DESCRIPTION OF THE TASK :: Each line starting at the one that contains "關(guān)于火把節(ji" and ending at the one that contains "Bei einer geführten" must be returned exactly, and the rest of the listing is left out.

PROVIDED DATA ::
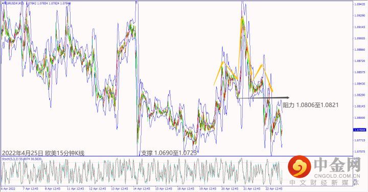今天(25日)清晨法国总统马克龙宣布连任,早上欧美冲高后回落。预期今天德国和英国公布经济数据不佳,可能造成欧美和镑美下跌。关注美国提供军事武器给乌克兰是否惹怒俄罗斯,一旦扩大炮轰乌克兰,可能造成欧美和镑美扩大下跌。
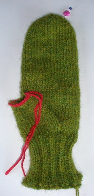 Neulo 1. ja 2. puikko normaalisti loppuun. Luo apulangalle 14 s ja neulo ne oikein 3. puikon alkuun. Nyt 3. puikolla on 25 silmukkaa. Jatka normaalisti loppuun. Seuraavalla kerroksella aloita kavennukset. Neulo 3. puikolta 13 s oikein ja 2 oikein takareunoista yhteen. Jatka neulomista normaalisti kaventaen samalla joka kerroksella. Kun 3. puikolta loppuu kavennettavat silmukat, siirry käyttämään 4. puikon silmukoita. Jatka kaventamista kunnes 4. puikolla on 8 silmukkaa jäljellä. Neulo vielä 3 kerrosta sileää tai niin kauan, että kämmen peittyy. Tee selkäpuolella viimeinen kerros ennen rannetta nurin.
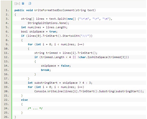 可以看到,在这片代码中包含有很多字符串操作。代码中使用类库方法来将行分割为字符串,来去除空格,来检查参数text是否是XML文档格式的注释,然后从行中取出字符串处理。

---

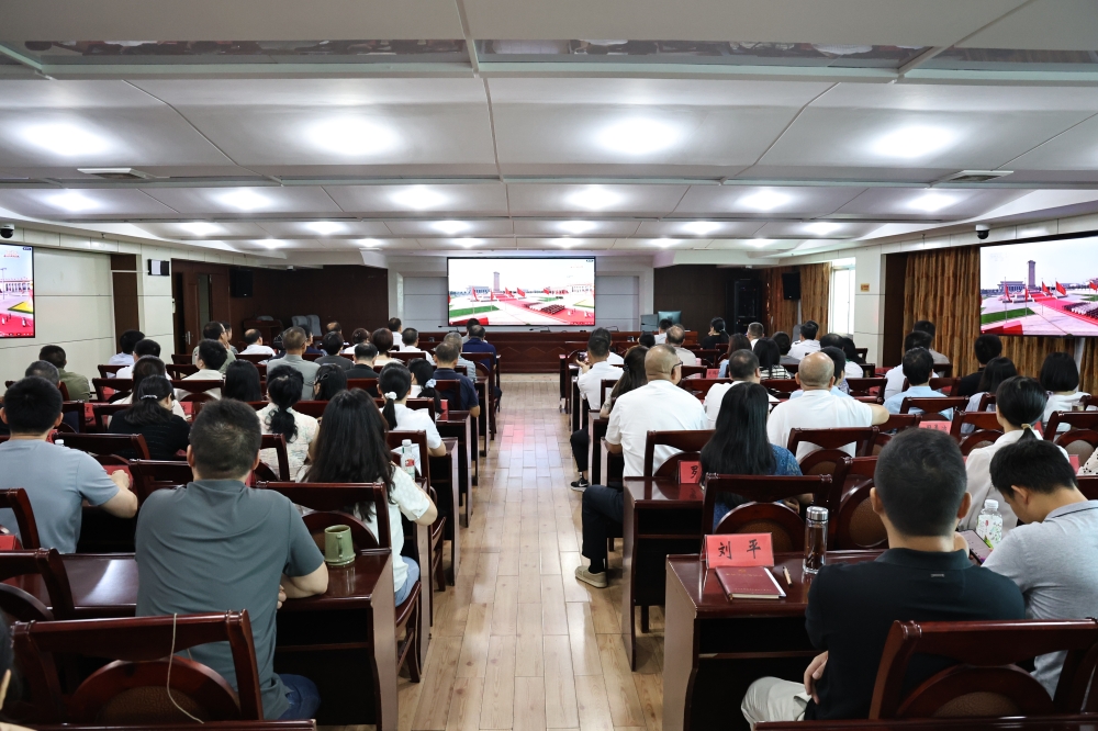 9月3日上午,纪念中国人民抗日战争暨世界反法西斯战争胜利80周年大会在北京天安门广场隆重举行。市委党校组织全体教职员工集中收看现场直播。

...

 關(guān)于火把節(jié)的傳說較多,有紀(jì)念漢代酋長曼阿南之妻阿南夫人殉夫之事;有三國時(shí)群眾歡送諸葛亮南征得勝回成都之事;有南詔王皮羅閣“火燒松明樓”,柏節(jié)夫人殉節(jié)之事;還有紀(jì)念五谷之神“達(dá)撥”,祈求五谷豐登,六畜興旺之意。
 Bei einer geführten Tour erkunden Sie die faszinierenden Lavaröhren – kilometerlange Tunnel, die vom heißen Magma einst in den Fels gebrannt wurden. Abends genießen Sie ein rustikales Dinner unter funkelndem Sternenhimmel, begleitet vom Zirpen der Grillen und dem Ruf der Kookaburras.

ANSWER AREA ::
 關(guān)于火把節(jié)的傳說較多,有紀(jì)念漢代酋長曼阿南之妻阿南夫人殉夫之事;有三國時(shí)群眾歡送諸葛亮南征得勝回成都之事;有南詔王皮羅閣“火燒松明樓”,柏節(jié)夫人殉節(jié)之事;還有紀(jì)念五谷之神“達(dá)撥”,祈求五谷豐登,六畜興旺之意。
 Bei einer geführten Tour erkunden Sie die faszinierenden Lavaröhren – kilometerlange Tunnel, die vom heißen Magma einst in den Fels gebrannt wurden. Abends genießen Sie ein rustikales Dinner unter funkelndem Sternenhimmel, begleitet vom Zirpen der Grillen und dem Ruf der Kookaburras.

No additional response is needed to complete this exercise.